Voilà les conséquences que Wittgenstein tirera du positivisme dans sa première philosophie si on lit les dernières propositions du seul ouvrage qu’il ait publié :
« 6.53 – La méthode correcte en philosophie consisterait proprement en ceci : ne rien dire que ce qui se laisse dire, à savoir les propositions de la science de la nature – quelque chose qui, par conséquent, n’a rien à faire avec la philosophie –, puis quand quelqu’un d’autre voudrait dire quelque chose de métaphysique, lui démontrer toujours qu’il a omis de donner, dans ses propositions, une signification à certains signes.

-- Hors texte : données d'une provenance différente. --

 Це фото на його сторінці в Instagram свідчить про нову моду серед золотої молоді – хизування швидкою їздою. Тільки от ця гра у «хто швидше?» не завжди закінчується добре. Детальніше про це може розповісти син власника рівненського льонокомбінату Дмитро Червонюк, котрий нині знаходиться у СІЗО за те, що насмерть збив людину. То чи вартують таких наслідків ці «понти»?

Cette méthode serait insatisfaisante pour l’autre – qui n’aurait pas le sentiment que nous lui avons enseigné de la philosophie – mais ce serait la seule strictement correcte.
6.54 – Mes propositions sont des éclaircissements en ceci que celui qui me comprend les reconnaît à la fin comme dépourvues de sens, lorsque par leur moyen – en passant par elles – il les a surmontées. (Il doit pour ainsi dire jeter l’échelle après y être monté.)

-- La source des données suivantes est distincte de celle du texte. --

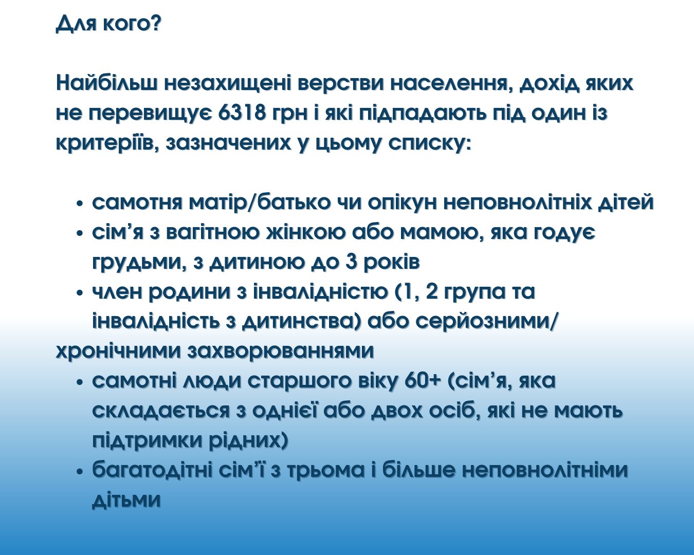 Проект предусматривает помощь наиболее незащищенным слоям населения, чей доход не превышает 6318 грн и которые подпадают под один из критериев, указанных в этом списке:

Il lui faut dépasser ces propositions pour voir correctement le monde.
7 – Sur ce dont on ne peut parler, il faut garder le silence. » WittgensteinTractatus logico-philosophicus (1922).
Malheureusement, le scientisme est beaucoup plus bavard que Wittgenstein. Il n’a en bouche que le mot de vérités scientifiquement prouvées, même si souvent, les preuves en sont inconnues ou depuis longtemps oubliées. Admettons que la philosophie n’ait effectivement rien à dire sur les vérités de la science.

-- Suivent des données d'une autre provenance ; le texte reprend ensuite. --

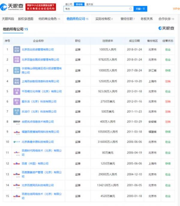截至发稿时,天眼查数据显示,韦方仍在百度系多家公司担任监事一职,其中包括北京百度网讯科技有限公司、百度(中国)有限公司、百度鹏寰资产管理(北京)有限公司等。

Il n’en reste pas moins vrai que l’idée de vérité elle-même qui est présupposée dans toute affirmation d’une vérité ne peut être prouvée. À supposer qu’une proposition soit vraie parce qu’un fait lui correspond, que la vérité consiste précisément en cette correspondance entre la proposition et le fait, aucun fait ne peut le prouver. Voilà pourquoi Wittgenstein a d’abord proposé la voie du silence.
On voit donc le paradoxe : comme Descartes l’avait déjà vu, il n’est pas possible de démontrer quoi que ce soit si on ne sait ce qu’est la vérité. Aussi prétend-il qu’en la définissant de façon traditionnelle, on ne fait qu’expliquer le mot.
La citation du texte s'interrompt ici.